Yes i can do a mix i will have to find the right balance between the two. I visited with him some more today and he offered the use of some of his extra hay equipment for the first couple of summers. He will still own 100 acres with 60 that will be in hay and the other 40 in beans so he plans on keeping his machinery for the next few years but wont need the use of all of his equipment for the whole summer.


----------



## Chessiedog (Jul 24, 2009)

I must have missed something . How much ground are you farming now ? ( your making a lot of hay some where ) You already have the roll crop equipment to put it out and harvest it ? Of course I'm not in your shoes but sounds like a good deal . Then again maybe this is more work then you want ? I missed if you farm full time or have another job


----------



## Bgriffin856 (Nov 13, 2013)

bensbales said:


> Yes i can do a mix i will have to find the right balance between the two. I visited with him some more today and he offered the use of some of his extra hay equipment for the first couple of summers. He will still own 100 acres with 60 that will be in hay and the other 40 in beans so he plans on keeping his machinery for the next few years but wont need the use of all of his equipment for the whole summer.
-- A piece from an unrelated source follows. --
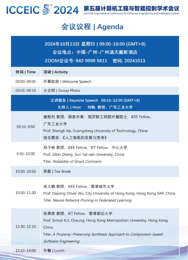 为促进计算机与控制科学领域学术交流和技术创新,由线上买球官网(中国)官方网站自动化学院、粤港澳离散制造智能化联合实验室主办,线上买球官网(中国)官方网站物联网智能信息处理与系统集成教育部重点实验室、智能检测与制造物联教育部重点实验室协办、广东省物联网信息技术重点实验室支持,广东省艾思信息化学术交流研究院承办的第五届计算机工程与智能控制学术会议(ICCEIC 2024)将于2024年10月13日在广州涵天戴斯酒店举办,聚焦计算机工程与智能控制前沿,涵盖网络安全、硬件系统、软件工程、嵌入式创新等多个核心议题及交叉学科研究。ICCEIC 2024将计算机工程和智能控制领域的创新学者和工业专家聚集到一个共同的论坛上,共享最新科研成果,破解关键问题,展望未来发展。
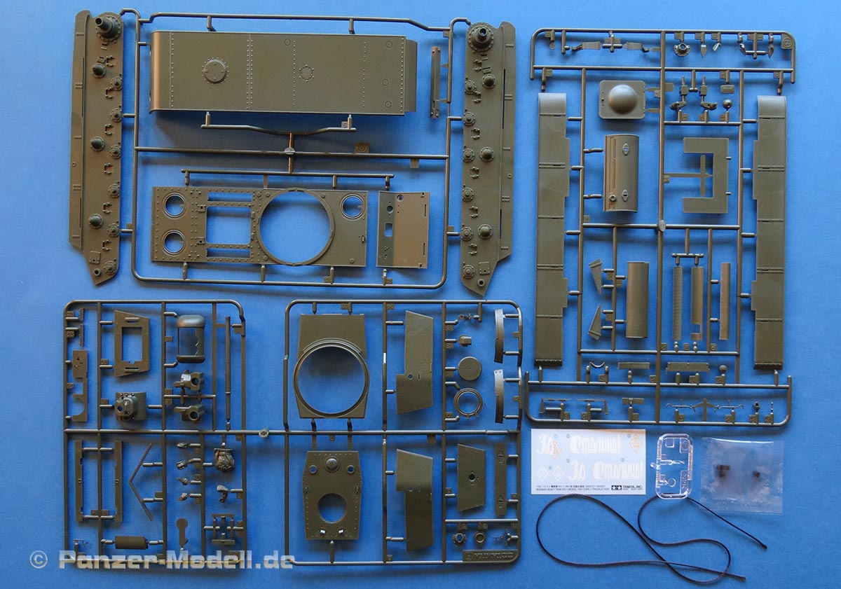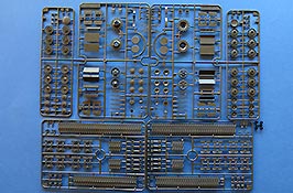 Die einzelnen Spritzlinge sehen tamiyatypisch ausgezeichnet aus. Es finden sich weder Fischhäute noch Grate. Die Auswerferstellen findet man fast nur an später nicht mehr sichtbaren Stellen, die aufgespritzten Details sind fein, wie man sie von Tamiya kennt.

I hope you can get along and make that work. Definitely would have a balance of hay and beans and maybe another crop especially for years when one does better than another and to have a good crop rotation


----------



## bensbales (Jul 18, 2011)

Chessiedog said:


> I must have missed something . How much ground are you farming now ? ( your making a lot of hay some where ) You already have the roll crop equipment to put it out and harvest it ? Of course I'm not in your shoes but sounds like a good deal . Then again maybe this is more work then you want ? I missed if you farm full time or have another job


Yes i'm farming full time now. Currently i'm haying about 150 acres and cropping 70. The land that i'm using now is either free use or really low rent so i'm not going to give it up, i want to do both. with my current labor force and equipment line up it takes all summer to hay it now so if i add 100 to 150 acres of hay at the very least i would have to add a 2nd baler, 10 more kicker racks, bigger rake and another full time guy to get the job done or do i invest in a balewagon or accumalator and grappel setup?


----------



## ontario hay man (Jul 18, 2013)

From what I see I would go with the kuhns. Their add is on the sidebar.lots of guys on here like them. I dont have one.....yet lol.


----------



## swmnhay (Jun 13, 2008)

I'm going to guess you will not qualify for a beginning farmer loan from FSA.You probably have to many assets.But still check it out.You may find that there is a lot of BS with getting one also.I looked into it yrs ago(a lot of yrs) and their was a lot of requirements they had that you had to follow.At that time the max assts you could have was 100K

I'd think you would be much better off with a accumulator and grapple forks then kicker wagons.Alot less manual work and option of reloading out of storage.


----------



## Chessiedog (Jul 24, 2009)

All sounds like a big investment ,but at 35 I would go for it . One of the guys I sell freezer beef to owns and runs a machine shop that's done well over the years . He told me that he felt if your not moving forward , then your going backward .


----------



## barnrope (Mar 22, 2010)

Opportunities like this come very few times in a lifetime. My advice is to go ahead with this deal. If I would have had this forum to seek advice on several years back when a couple similar opportunities came my way, I probably would have had a bunch more land.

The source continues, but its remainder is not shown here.